Tara River Tunnels from bridge
Zig-zagging across the river, into the tunnels on the right.

It’s all got a bit lumpy but the landscapes here are seriously pretty. The river forked at the border and I’m now climbing upstream through a deep canyon. The skies are clear and it’s a beautiful day. The prospect of seeing friendly, understanding faces at the checkpoint is also helping my mood, which is useful because I’m in quite a lot of pain and I’ve managed to run out of ibuprofen.

“My arse looked like a dropped pizza by Day 3 and saddle sores don’t exactly improve under TCR conditions.”

I’m trying to avoid repeating it on every blog entry, but my arse looked like a dropped pizza by Day 3 and saddles sores don’t exactly improve under TCR conditions! Getting on the bike and even getting out of the saddle is excruciating. The achilles aren’t grumbling as much today, perhaps drowned out by the pain in my throat. The infection means I’m riding along breathing through my mouth, drying it out and making things worse. Fortunately I was about to enjoy the most amazing distraction.

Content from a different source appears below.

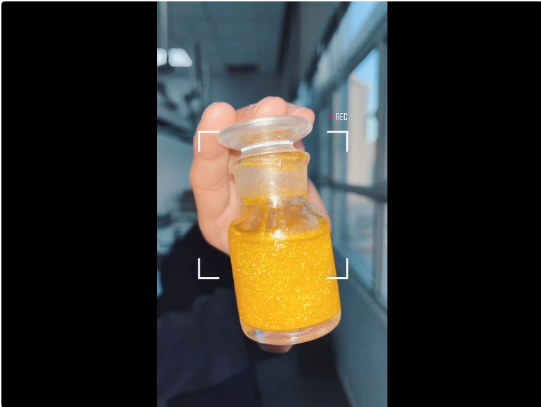 “黄金雨”实验其实是碘化铅的沉淀实验,碘化铅是亮黄色的粉末或者鳞片状结晶,与黄金的颜色非常相似。碘化铅的溶解度约为0.08g,溶解度较小,因此我们可以用可溶性的铅盐和碘化钾反应来制备碘化铅,反应的化学方程式:2KI+Pb(NO3)2→PbI2↓+2KNO3,生成的碘化铅沉淀亮黄色闪闪发光,就像在下“黄金雨”一般,非常漂亮。

As I emerge from a road tunnel with a lay-by on the right I spot a Citroen Picasso parked up and a family of five lined up next to it having a shit. I can’t help but stare – mostly to be sure that I’ve read the situation correctly. Yep… Mom, Pop, the two kids and the teenage daughter are squatting in a line, curling one out. Exploring the possible origins and etiquette of the situation keeps me thoroughly entertained for the next few hours. What are the odds of all five family members needing an emergency dump between service stations? Who decides when it’s time to go? Why a formation instead of all seeking the privacy of a different bush? Does the paper pass from left to right or right to left? Once you’ve produced do you stay there until everybody has finished or step forwards and walk around the line (looking neither left nor right)? So many questions.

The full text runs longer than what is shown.